My daughter, trying kale for the first time.

My daughter, trying kale for the first time.

But this is a normal response, especially for two-year-olds. This is the stage where “food neophobia” is at its highest. Basically, food neophobia is the belief that new foods won’t taste good. It’s believed to be  a survival mechanism that we inherited from our foraging ancestors who had a legitimate reason to be skeptical of new foods.

But rather than let my daughter’s fear of new foods stop me from introducing them, there’s good reason for me to try even harder.
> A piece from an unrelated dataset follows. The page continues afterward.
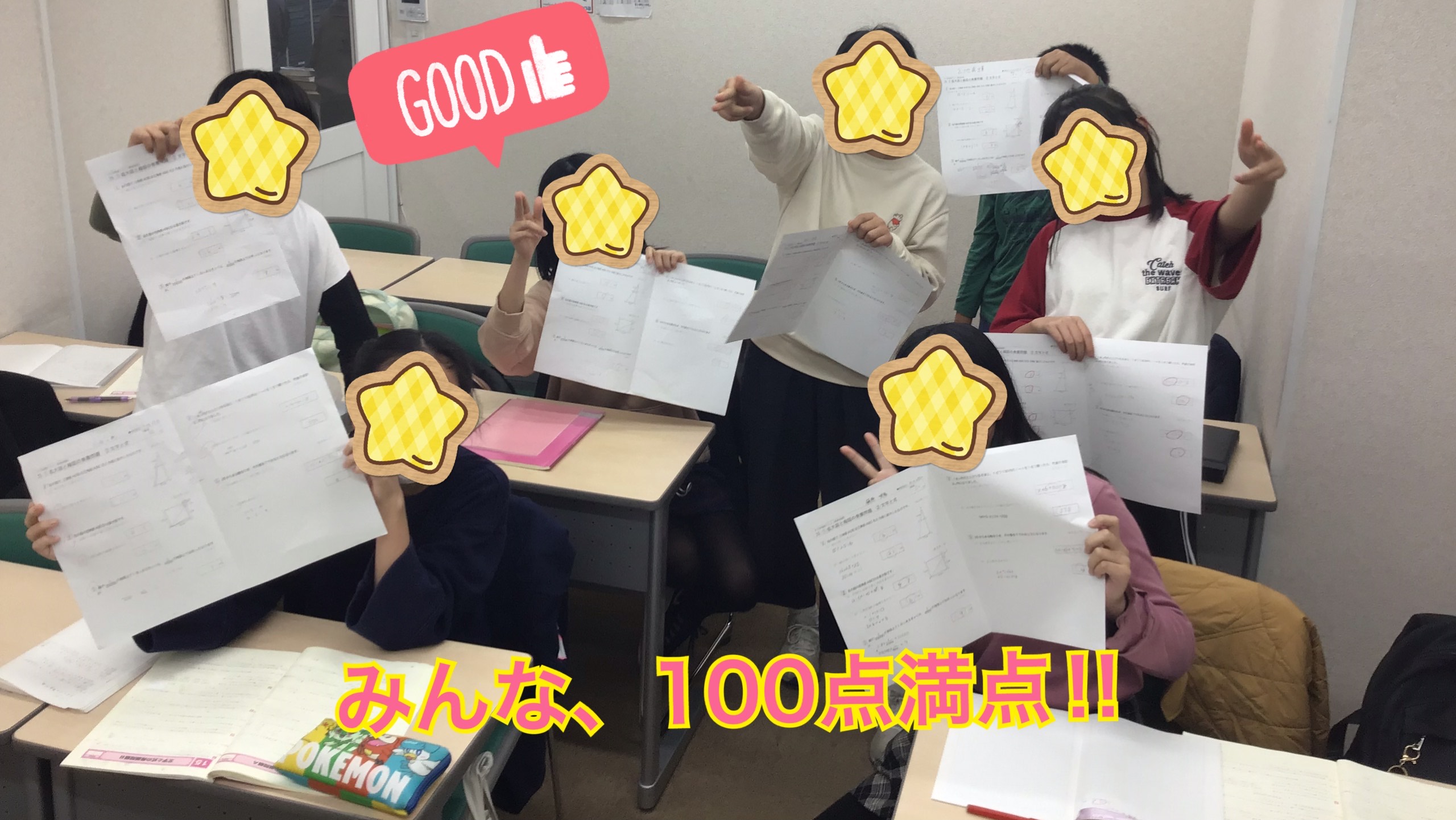 こちらはあるクラスで、小テストで全員が満点取った写真です。

In fact, research published in the British Journal of Nutrition has shown that kids exposed at an early age to novel foods are more accepting of new, different foods when they are older.
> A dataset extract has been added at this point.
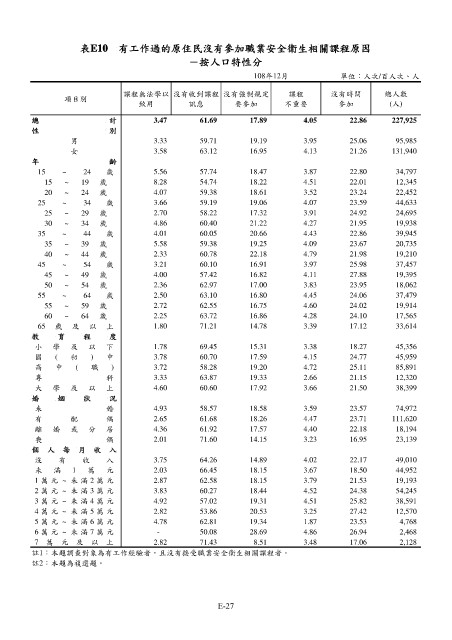 表E10 有工作過的原住民沒有參加職業安全衛生相關課程原因

Here are a few research-based tips for getting kids to try new foods:

  • Be positive: Simply telling your child that a new food tastes good – or tastes like something else they already like – has been shown to increase their willingness to try it. Try talking up the new food and also comparing it to something they know. Example: “Asparagus is delicious! It tastes like a mix between green beans and broccoli.”
  • Offer variety: Try to offer a wide range of foods over the course of, say, a month. The more exposure kids have to different kinds of foods, the more likely they will be to try the next new food you introduce them to. Get them used to eating different foods regularly.
  • Try these foods yourself: Kids respond really well to modeling. If they see an adult, especially a parent, trying a new food (or even saying they like it), they’re much more likely to try it. My daughter tried oatmeal this way; she insisted she didn’t like it but after seeing me eat it several mornings a week, after about a month she wanted to try some. And she really liked it!
  • Present them with familiar foods, seasonings or condiments: Offer the new food with a condiment they’re used to or with seasonings they like. Cut a new vegetable into “fries” and let your child dip the fries into a sauce – ranch, hummus, etc. Or use a combination of seasonings they like, for example with “taco cauliflower” or “pizza fish bites.”
  • Start young: Kids even younger than two show huge benefits from early exposure to a variety of foods. Kids exposed at an early age to novel foods are more accepting of new, different foods when they are older. Don’t stress yourself out with feeling like you need to blow your grocery budget or plan extensively to do so, either. Just start with one new food and build from there.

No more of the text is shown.